Lorsque je revins, vingt-cinq ans plus tard, aux sources, seules quelques familles juives demeuraient encore dans mon asile d’autrefois. Des musulmans réclamaient leurs territoires, reprenaient rue après rue, les quartiers où ils ne pouvaient avoir accès auparavant, à cause des Français et de la ségrégation qu’ils pratiquaient volontairement ou pas.Quelques familles restantes et….Hanania.
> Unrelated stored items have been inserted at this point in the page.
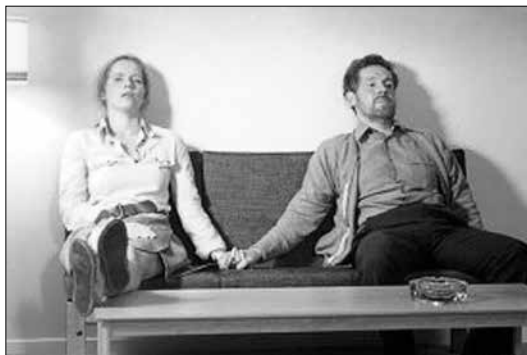
Marianne (Liv Ullman) och Johan (Erland Josephson) konfronterar sina äktenskapliga problem i Ingmar Bergmans Scener ur ett äktenskap 1973.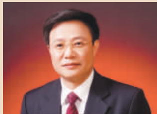
李长进 中国中铁董事长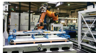
Cellule automatisée de palettisation.

Afin de profiter pleinement de cet atout concurrentiel, le groupe dis- pose d'une structure chargée d'articuler ses différentes exper- tises pour proposer des lignes process cohérentes, répondant pleinement aux attentes des industriels en matière d'automati- on. Cette filiale, appelée AR Tech- man, dispose d'un atelier de 4 000 m 2 et emploie 30 collab- orateurs. Ceux-ci sont non seule- ment capables de concevoir des chaînes complètes, avec tous leurs étages successifs, mais ils sont en outre en mesure d'y intégrer différentes

Comme il avait changé ! C’était un vieillard à présent, la barbe blanche et le cheveu rare, édenté et presque aveugle. Son échoppe brillante de naguère offrait un spectacle désolant, comme abandonnée. Le sol jonché de souliers misérables et troués de partout, au milieu des bouts de cuir multicolores, indiquait le statut de la clientèle démunie qui vivait là, à présent. Et puis, il faut le dire, des cordonneries-minute modernes s’installaient un peu partout, lui enlevant les derniers bons clients qui subsistaient encore. Mais lui continuait, comme si de rien n’était, à frapper de manière régulière et saccadée sur son enclume.

Et han han han ! et han han han !

Je m’approchai. Il leva doucement la tête. Quel âge pouvait-il bien avoir maintenant, 70-75 ans ? Ses yeux s’étaient rapetissés, mais ils gardaient leur malice et leur bonté. Ils représentaient tellement pour moi. Je m’enquis de sa santé :

- Comment ça va, Hanania ? demandai-je- Ça va ! ça va ! répondit-il d’une voix monocorde.

- Tu es resté ici ? Tu n’as pas rejoint tes frères en Israël ?

- Oh ! tu sais, je n’ai ni frère ni soeur, ni personne en Israël : mon pays, c’est ici, et ma terre où l’on m’enterrera est celle-là !

- Mais ta famille, Hanania, où est ta famille ? insistai-je. Je voulais percer son secret qu’il avait jalousement gardé pendant toutes ces années.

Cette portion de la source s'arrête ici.